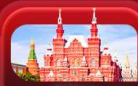
จัตุรัสแดง
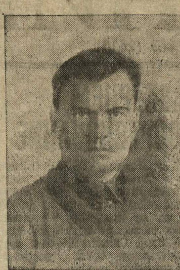
ГУБИН В. В., врид. начальника областного управления НКВД по Горьковской области.
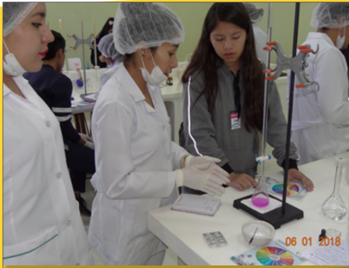
Reacciones químicas en Laboratorio
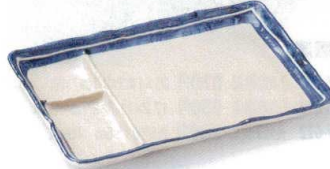
264-11-712 刈ライン串皿(大) 800円 22.4×14.8×2.5cm 23504711
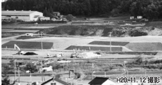
写真2 （仮称）八鹿IC設置工事
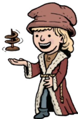
LEONARDO DA VINCI

**Goal of the exercise:** Transcribe exactly the lines that go from the one holding "264-11-712 刈ライン串皿(大) 800円" through the last line of the entries, both included, and nothing besides them. Do not include any pictures.

**The answer:**
264-11-712 刈ライン串皿(大) 800円 22.4×14.8×2.5cm 23504711
写真2 （仮称）八鹿IC設置工事
LEONARDO DA VINCI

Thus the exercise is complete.